23.6.10

Saldır Marsel! Okey, Let's Go...

2001 yazı.. Henüz 15 yaşında, sporu sadece spor için izleyen biriydim. Sydney Olimpiyatları ve Hollanda'nın yine şampiyon olamadığı bir Avrupa Şampiyonası'nın ardından bocalamıştım, birden sporsuz kalınca... Yetmezmiş gibi 2. kez emeklilikten dönmüş olan Michal Jordan satın aldığı oyuncularını motive etmek bahanesiyle Washington Wizards formasıyla, yıllarca giydiği siyah-kırmızı(!) Bulls formasına ihanet ettiği yetmezmiş gibi ortalama bir performans göstermiş ve gözümde büyüttüğüm "Majesteleri"nin kıymetini sorgulatır olmuştu...

En beteri de Eskişehirspor yine çıkamamıştı düştüğü 2B çukurundan...

İşte tam da bu kadar tatsızlığın arasında nefes almak için alternatiflere yönelmiştim ki, TRT Wimbledon Tenis Turnuvası'yla göz kırptı bana... Son bir şans verdim 2001 yazına ve hayatımın en doğru hareketlerinden birini yaptığımı anladım Goran Ivanišević sayesinde!

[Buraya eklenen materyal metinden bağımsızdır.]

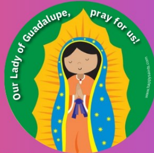
Our Lady of Guadalupe Feast Day: December 12th Empress of the Americas, Patroness of Latin America, Queen of Mexico

Governor and theologian, strong promoter of Roman Christianity against Arianism & paganism. Swarm of bees landed on his face as an infant, leaving him unharmed. Helped convert St Augustine to Christianity. Authored four hymns known as the Ambrosian hymns.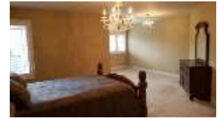
Pic. 16: Bed 2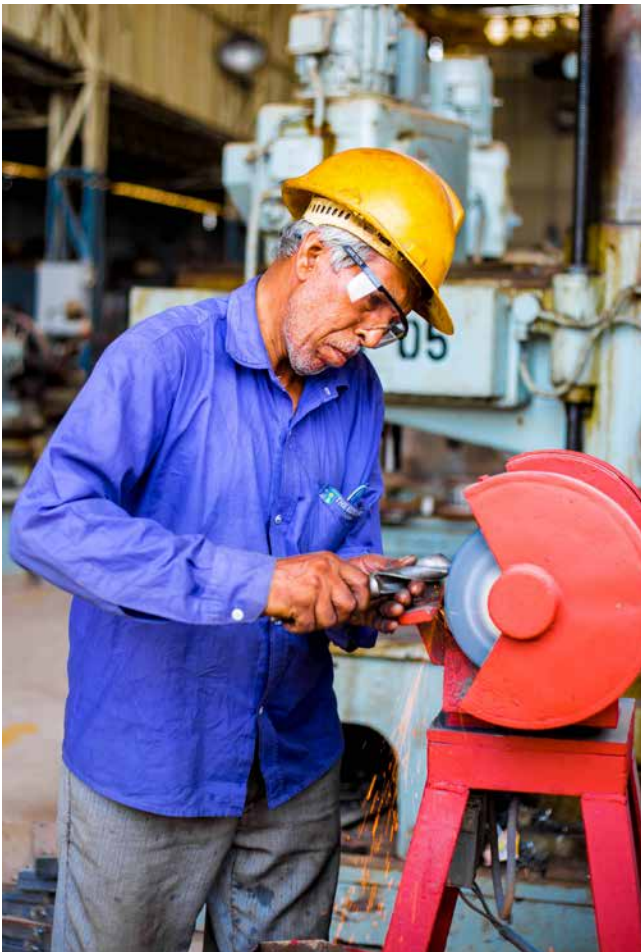
Businesses want better ground connectivity to boost talent attraction and productivity

The demand for better regional ground connectivity is strong, and in its absence, the workforce is relying on personal automobiles to reach the economic zones that offer jobs and opportunity. Poor transit on these heavily trafficked inter-zone routes is presenting serious challenges to the economic growth and prosperity of the regional zones.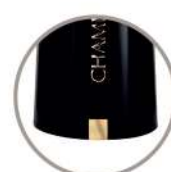
UV spot to align your label with your hood design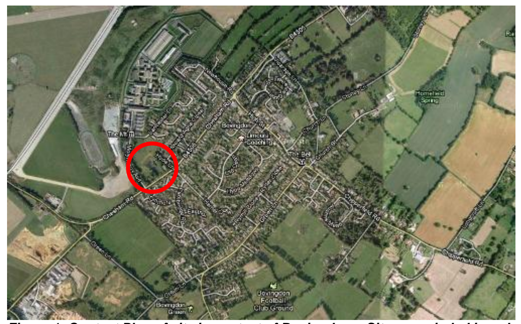
Figure 1: Context Plan of site in context of Bovingdon – Site area circled in red

Local Allocation LA6 is situated to the south of The Mount Prison and is separated from the prison itself by Molyneaux Avenue and Lancaster Drive. This area is referred to as "the site" within this statement (see figure 1).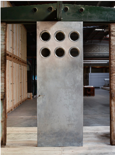
Jean Prouvé (1901 - 1984) Meudon door , ca. 1949

From 10th to 14th May, 2024 643, Park Avenue Armory, 10065 New York Booth 376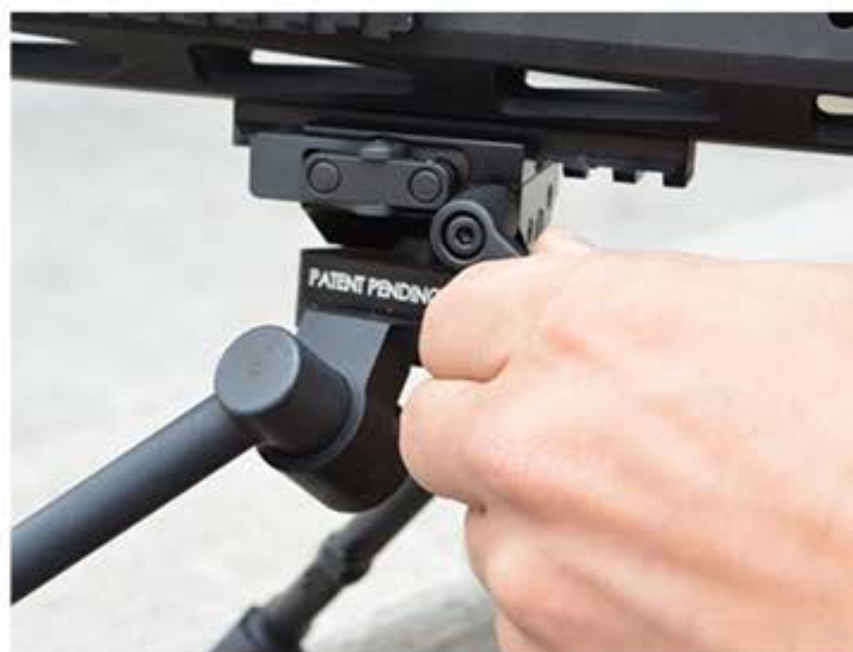
Figure 6: adjusting the lever latch

Adjust the spring-loaded lever latches by pulling out the lever latch and rotating it to the desired position (Fig. 6). The user can move the latches to the most comfortable and easily accessible position.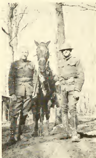
The Battery Clerk and the Courier

O yıl normal şartlarda, 125. sırada olduğu için, turnuvaya katılamayacak olan Hırvat Tenisçi'ye davet gönderen organizatörler işin bu noktaya geleceğini asla tahmin edememiştir. Her turda, bu kez şansı yaver gitmez denilen Hırvat raket* finale kadar geldi ve şampiyon oldu! Ama, benim asıl ilgimi çeken şey Wimbledon tarihinde görülmemiş bir şekilde "tribün" yapan Hırvat seyircilerdi.. Geleneklere son derece dikkat edilen; seyirci kitlesi hakkında konuşulurken prestij, elit, üst sınıf gibi terimlerin sıkça kullanıldığı bu turnuvaya belki de ömürleri boyunca bir daha denk gelemeyecekleri bir başarı öyküsünü izlemeye gelmiş halk sınıfı vardı tribünlerde... Özellikle final maçında baş hakem tarafından defalarca uyarılmasına rağmen her sayıdan sonra gol olmuşçasına sevinen Hırvat seyirciler yüzümü öyle güldürüyordu ki, hakemin yaptığını küstahlık olarak algılıyordum... Çünkü, o kadar benziyoruz ki o gün orada bulunan Hırvat seyircilerle, benimsemiştim Ivanisevic'i.

Gelelim yazının esas öznesine : Marsel İlhan!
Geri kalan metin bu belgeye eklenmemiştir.